2 responses to this post.

  1. Posted by Muni-man on November 10, 2010 at 7:28 pm

    JB, I’m a little confused. On pg. 5 of the CAFR, it states Employee Pension Contributions were $2.1B and Employer Contributions were $6.1B. The last para. on pg. 5 says the state did not make any pension contributions for FY2010. Does that mean that the $6.1B in Employer Contributions were solely from the towns and that if the state kicked in their $3.1B portion, especially for the teachers, the total would have been $9.2B? That’s a taxpayer-to-employee contribution ratio of $4.38-to-$1. If so, that coupled with the annual Healthcare Premium increases on pg. 5 ranging from 18%-23%, clearly shows how out-of-control this whole thing really is. Man, talk about the Augean stables – this pension/benefit s***house is worse by a magnitude of order or so.
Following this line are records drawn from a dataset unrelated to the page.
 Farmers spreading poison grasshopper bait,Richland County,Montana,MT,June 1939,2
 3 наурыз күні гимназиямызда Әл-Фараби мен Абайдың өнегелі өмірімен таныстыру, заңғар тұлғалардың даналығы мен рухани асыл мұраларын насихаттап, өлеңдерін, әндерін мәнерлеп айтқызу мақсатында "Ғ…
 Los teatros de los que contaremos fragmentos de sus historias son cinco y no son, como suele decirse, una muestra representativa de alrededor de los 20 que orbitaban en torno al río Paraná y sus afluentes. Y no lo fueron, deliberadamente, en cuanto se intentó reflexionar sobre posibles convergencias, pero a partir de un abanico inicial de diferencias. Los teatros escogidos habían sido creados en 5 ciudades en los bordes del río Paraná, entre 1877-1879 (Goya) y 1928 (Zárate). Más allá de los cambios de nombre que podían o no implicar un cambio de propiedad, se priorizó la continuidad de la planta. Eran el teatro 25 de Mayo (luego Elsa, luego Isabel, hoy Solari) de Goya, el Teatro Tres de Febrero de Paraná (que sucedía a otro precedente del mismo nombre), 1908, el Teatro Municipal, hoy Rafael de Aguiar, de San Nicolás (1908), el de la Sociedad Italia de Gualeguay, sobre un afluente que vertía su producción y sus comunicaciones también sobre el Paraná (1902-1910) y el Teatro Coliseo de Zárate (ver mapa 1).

    JB, if it’s not too much trouble, could you approximate the overall taxpayer-to-employee contribution ratio that would be required to keep all of NJ’s plans fully funded (assuming they were fully funded right now). I figure it has to be at least around $6-to-$1, but I don’t know
    how to arrive at the number. That’s a crucial figure. Thanks.


    • The way to think of it is how much is being accrued each year and what the present values are.
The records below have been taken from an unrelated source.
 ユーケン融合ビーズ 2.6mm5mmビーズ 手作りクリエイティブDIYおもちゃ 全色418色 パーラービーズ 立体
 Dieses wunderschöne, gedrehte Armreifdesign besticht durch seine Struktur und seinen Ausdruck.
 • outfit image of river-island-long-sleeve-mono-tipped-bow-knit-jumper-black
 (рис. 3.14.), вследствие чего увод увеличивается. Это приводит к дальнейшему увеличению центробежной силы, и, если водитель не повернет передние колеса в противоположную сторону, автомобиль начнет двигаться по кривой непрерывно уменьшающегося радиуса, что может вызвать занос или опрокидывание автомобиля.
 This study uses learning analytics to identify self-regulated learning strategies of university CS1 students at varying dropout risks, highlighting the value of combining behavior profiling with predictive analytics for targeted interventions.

      As of 6/30/09 the ‘official’ accrued liabilities were $135 billion (using their low-ball numbers).
      As of 6/30/08 it was about $126 billion.
      Nothing much changed except for new-hires so I would expect another $10 billion in liabilities
      to be accrued. That, theoretically, can be covered by 3 sources: (1) earnings which are down
      since there is less to invest; (2) employee contributions; and (3) gov’t contributions.
      Then there are the prior year shortfalls (46 billion ?) to be made up from those 3 sources as well.

      As the plans are now I figure about $10 billion a year should be going in. I don’t see employees
      being able to come up with more than $2 billion and the state and local governments are crying about
      the mini-contributions they are told to put in now.

      As a radical step we might see another revenue stream (i.e. docket fees going into the JRS) or a toll-hike
      dedicated to the pensions. In looking through the valuations I see a handful of other plans getting this
      outside income.

      Bottom-line: something significant needs to be done and, so far, Christie (except for that COLA elimination)
      has not come up with anything.